*Exercise aim*: Reproduce the whole listing exactly and let no picture into the copy.

*Recorded information*:
════════

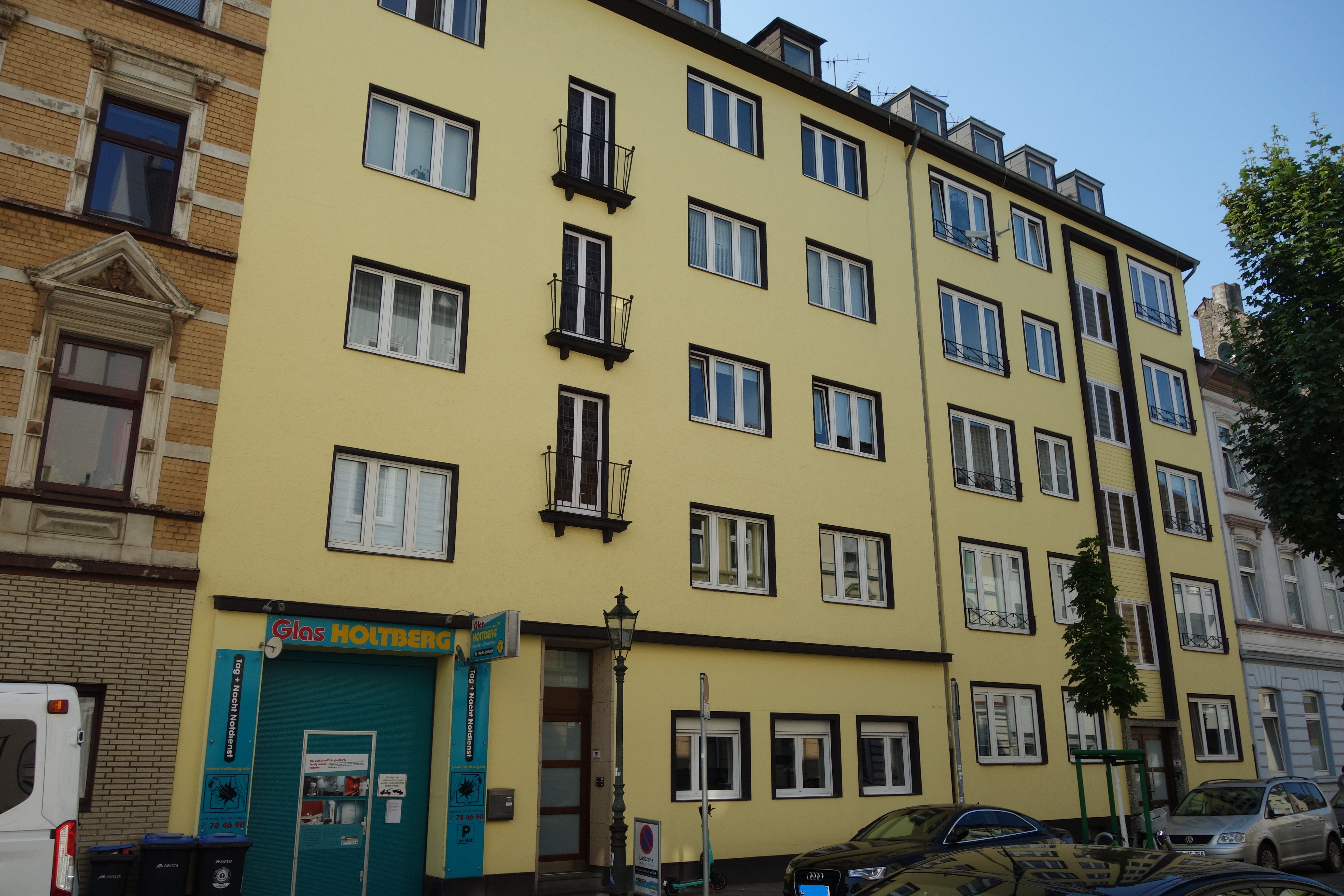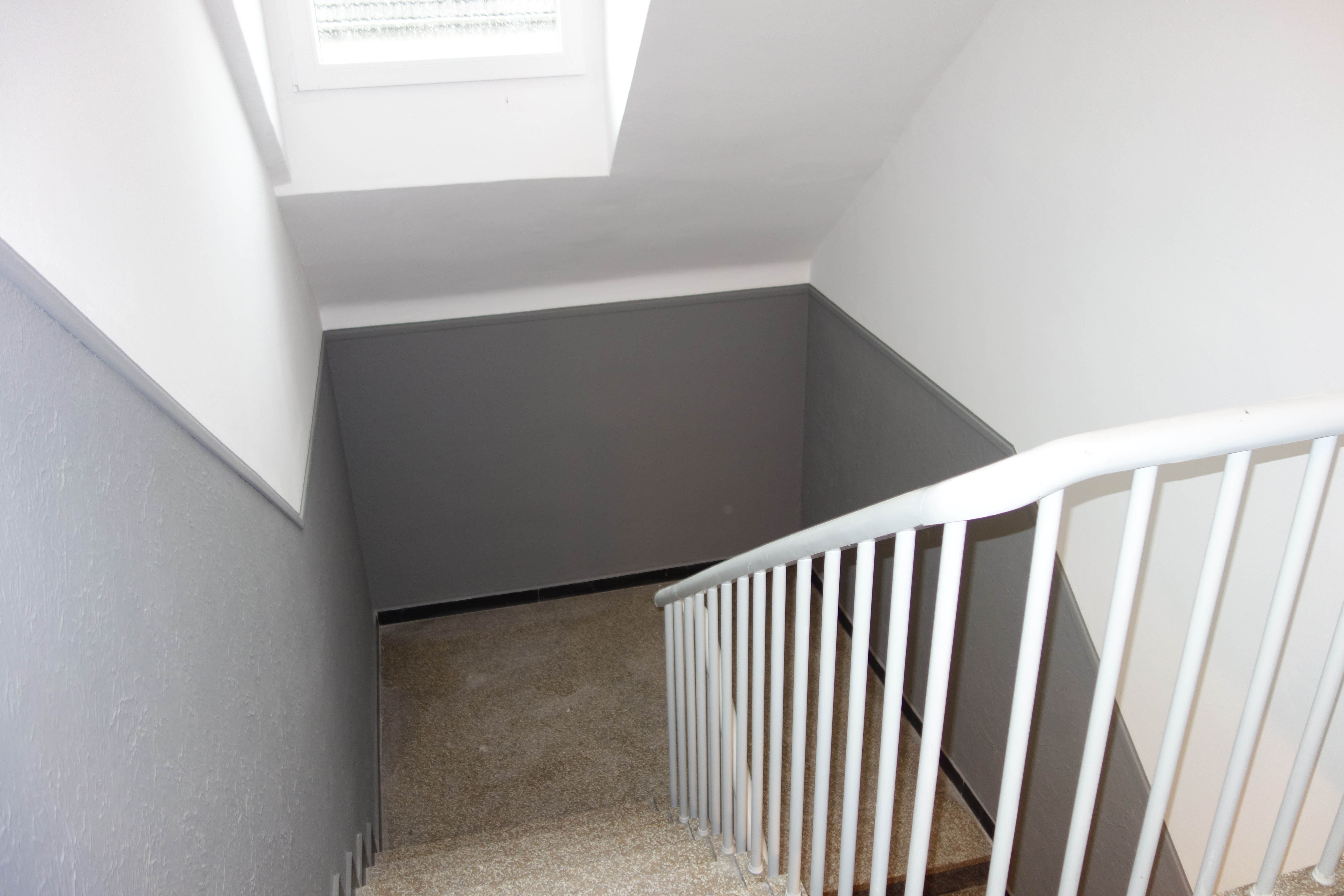 Die Wohnung befindet sich in einem gepflegten Mehrfamilienhaus, welches ca. 1920 errichtet und fortan modernisiert wurde. Die Kunststofffenster sind doppelt isoliert. Das Haus verfügt über ein Satteldach. Das gepflegte Steinbodentreppenhaus ist an den Wänden verputzt und hell gestrichen. Die Wohnung befindet sich in der 5. (obersten = Dachgeschoss) Etage, ohne Aufzug. Als Heizsystem liegt eine Gas-Etagen-Heizung vor. Für die Allgemeinheit gibt es einen Trockenspeicher. Die eigenen Geräte (Waschmaschine und/oder Wäschetrockner) können innerhalb der Wohnung (Küche) aufgestellt werden. Zu der Wohnung gehört ein eigener Kellerraum.
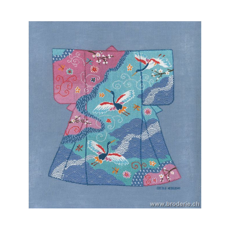 L'article 'Bonheur des Dames, kit kimono hérons (BD3648)' fait partie de notre assortiment depuis le 9 juillet 2008. La gamme française Bonheur des Dames est très complète et propose de très jolis modèles de kits de point-de croix comptés. Sont très représentés les thèmes de la mer, des mois et saisons,la cuisine et les enfants. Pour l'instant nous avons mis sur le site les kits, mais le Bonheur des Dames propose aussi des accessoires tels que coeur en lin, bottes de Noël en feutrine prêts à être broder, modèles de points de croix. Vous pouvez nous contacter pour ces articles que nous tenons aussi en partie en stock. Fiche technique: kits très bien présentés, souvent avec les accessoires fournis. Mais attention, les kits peuvent avoir différents points et parfois des petits-points (tout le kit -ex BD3646 - ou une partie - ex BD1135), merci d'y prendre garde lors de votre commande.
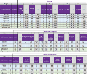 Changing and/or improving physicians’ practices is challenging. Too many of us adhere to dogma and practice how we were trained as opposed to how we can best practice now. Most do not see the need to change because our results are already quite good. Moreover, when asked to consider it, we too often hide behind the “safety card” to avoid change. The administrative report cards that we provide to our physicians are to inspire change and to improve patient care. Yet, they are often met with suspicion. We too often hear, our physicians say, “Your data is wrong”, “You measure the wrong quality metrics” and “You are comparing apples and oranges”. We hear, “You administrators do not fully understand and cannot objectively measure the complexities of my practice”. We hear, “I have been doing this my whole life, no-one does this better than me”, “I have a vast life-time experience” and “I am the world’s experts”. For these reasons, we created, vetted, published and now have validated the Efficiency Quality Index (EQI) (1). The EQI by definition only compares physician’s performance for similar task and only measures quality indices that the physicians themselves decide that are the best surrogates of quality and that they choose to compare (2). They are different for each specific task, operation or codes. In addition, the physician receives their dataset and can correct or amend it. However, data changes only occur after they are vetted with their colleagues that their scores are compared. Then the entire group agrees on which data should be included and/or changed. The various metrics are scored and then weighted (as shown in Figure 1) and then tabulated and the total EQI scores are then provided (as shown in Figure 2) for each provider. In addition, we add Citizenships Scores to the total procedure specific EQI scores. Once the scores are verified, the physician’s performance is compared in an open, transparent, fun collaborative forum. The main import of that meeting is not only to celebrate the high achievers but also to stimulate a conversation on how we can all get better together. Neither bonus nor salary is considered with the EQI and there are no pecuniary concerns connected to it.
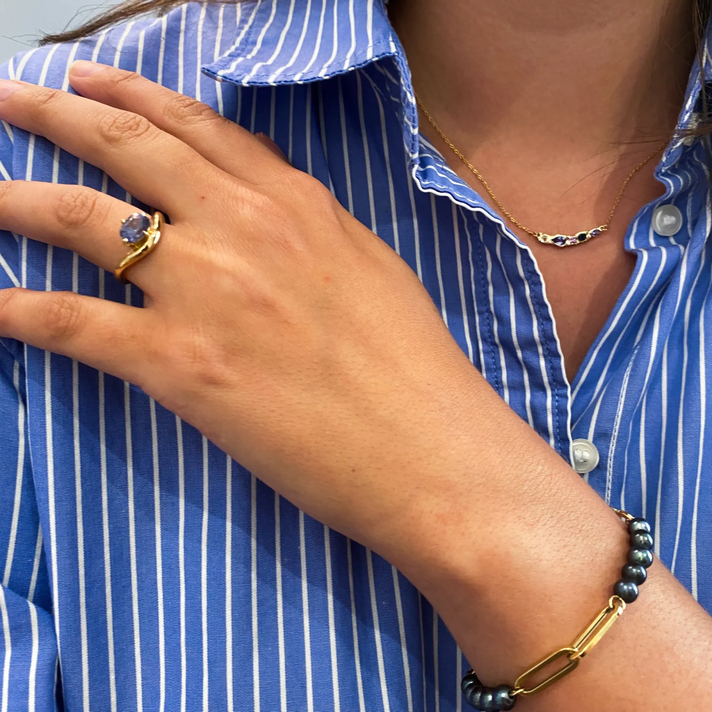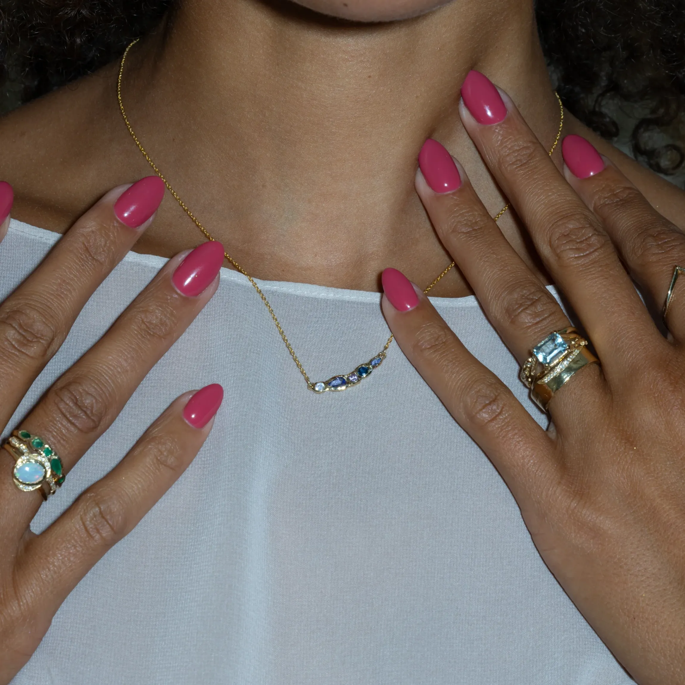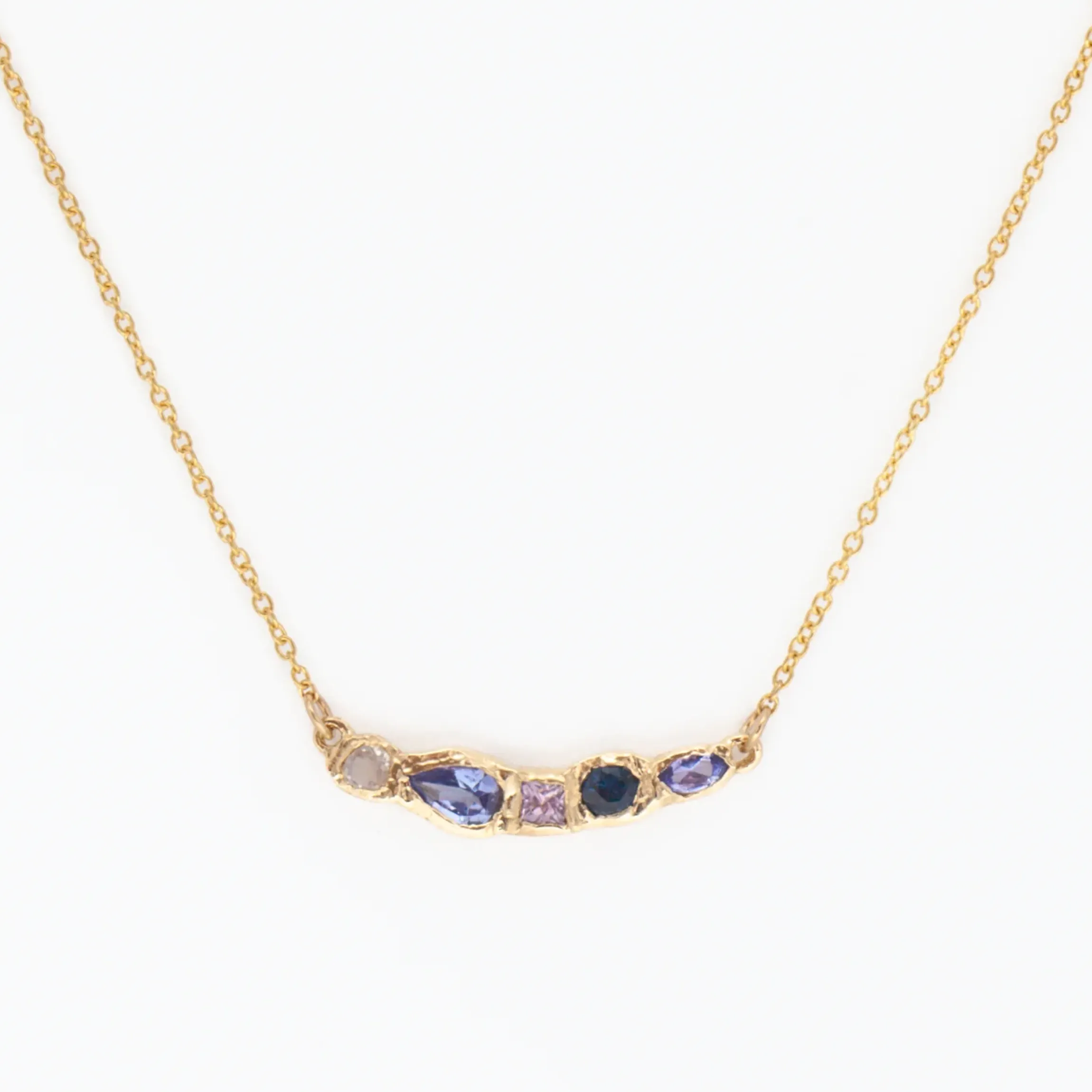 14 karat yellow gold set with Rainbow moonstone, tanzanite, pink sapphire, blue sapphire and tanzanite.

════════

*Written solution*:
 Die Wohnung befindet sich in einem gepflegten Mehrfamilienhaus, welches ca. 1920 errichtet und fortan modernisiert wurde. Die Kunststofffenster sind doppelt isoliert. Das Haus verfügt über ein Satteldach. Das gepflegte Steinbodentreppenhaus ist an den Wänden verputzt und hell gestrichen. Die Wohnung befindet sich in der 5. (obersten = Dachgeschoss) Etage, ohne Aufzug. Als Heizsystem liegt eine Gas-Etagen-Heizung vor. Für die Allgemeinheit gibt es einen Trockenspeicher. Die eigenen Geräte (Waschmaschine und/oder Wäschetrockner) können innerhalb der Wohnung (Küche) aufgestellt werden. Zu der Wohnung gehört ein eigener Kellerraum.
 L'article 'Bonheur des Dames, kit kimono hérons (BD3648)' fait partie de notre assortiment depuis le 9 juillet 2008. La gamme française Bonheur des Dames est très complète et propose de très jolis modèles de kits de point-de croix comptés. Sont très représentés les thèmes de la mer, des mois et saisons,la cuisine et les enfants. Pour l'instant nous avons mis sur le site les kits, mais le Bonheur des Dames propose aussi des accessoires tels que coeur en lin, bottes de Noël en feutrine prêts à être broder, modèles de points de croix. Vous pouvez nous contacter pour ces articles que nous tenons aussi en partie en stock. Fiche technique: kits très bien présentés, souvent avec les accessoires fournis. Mais attention, les kits peuvent avoir différents points et parfois des petits-points (tout le kit -ex BD3646 - ou une partie - ex BD1135), merci d'y prendre garde lors de votre commande.
 Changing and/or improving physicians’ practices is challenging. Too many of us adhere to dogma and practice how we were trained as opposed to how we can best practice now. Most do not see the need to change because our results are already quite good. Moreover, when asked to consider it, we too often hide behind the “safety card” to avoid change. The administrative report cards that we provide to our physicians are to inspire change and to improve patient care. Yet, they are often met with suspicion. We too often hear, our physicians say, “Your data is wrong”, “You measure the wrong quality metrics” and “You are comparing apples and oranges”. We hear, “You administrators do not fully understand and cannot objectively measure the complexities of my practice”. We hear, “I have been doing this my whole life, no-one does this better than me”, “I have a vast life-time experience” and “I am the world’s experts”. For these reasons, we created, vetted, published and now have validated the Efficiency Quality Index (EQI) (1). The EQI by definition only compares physician’s performance for similar task and only measures quality indices that the physicians themselves decide that are the best surrogates of quality and that they choose to compare (2). They are different for each specific task, operation or codes. In addition, the physician receives their dataset and can correct or amend it. However, data changes only occur after they are vetted with their colleagues that their scores are compared. Then the entire group agrees on which data should be included and/or changed. The various metrics are scored and then weighted (as shown in Figure 1) and then tabulated and the total EQI scores are then provided (as shown in Figure 2) for each provider. In addition, we add Citizenships Scores to the total procedure specific EQI scores. Once the scores are verified, the physician’s performance is compared in an open, transparent, fun collaborative forum. The main import of that meeting is not only to celebrate the high achievers but also to stimulate a conversation on how we can all get better together. Neither bonus nor salary is considered with the EQI and there are no pecuniary concerns connected to it.
 14 karat yellow gold set with Rainbow moonstone, tanzanite, pink sapphire, blue sapphire and tanzanite.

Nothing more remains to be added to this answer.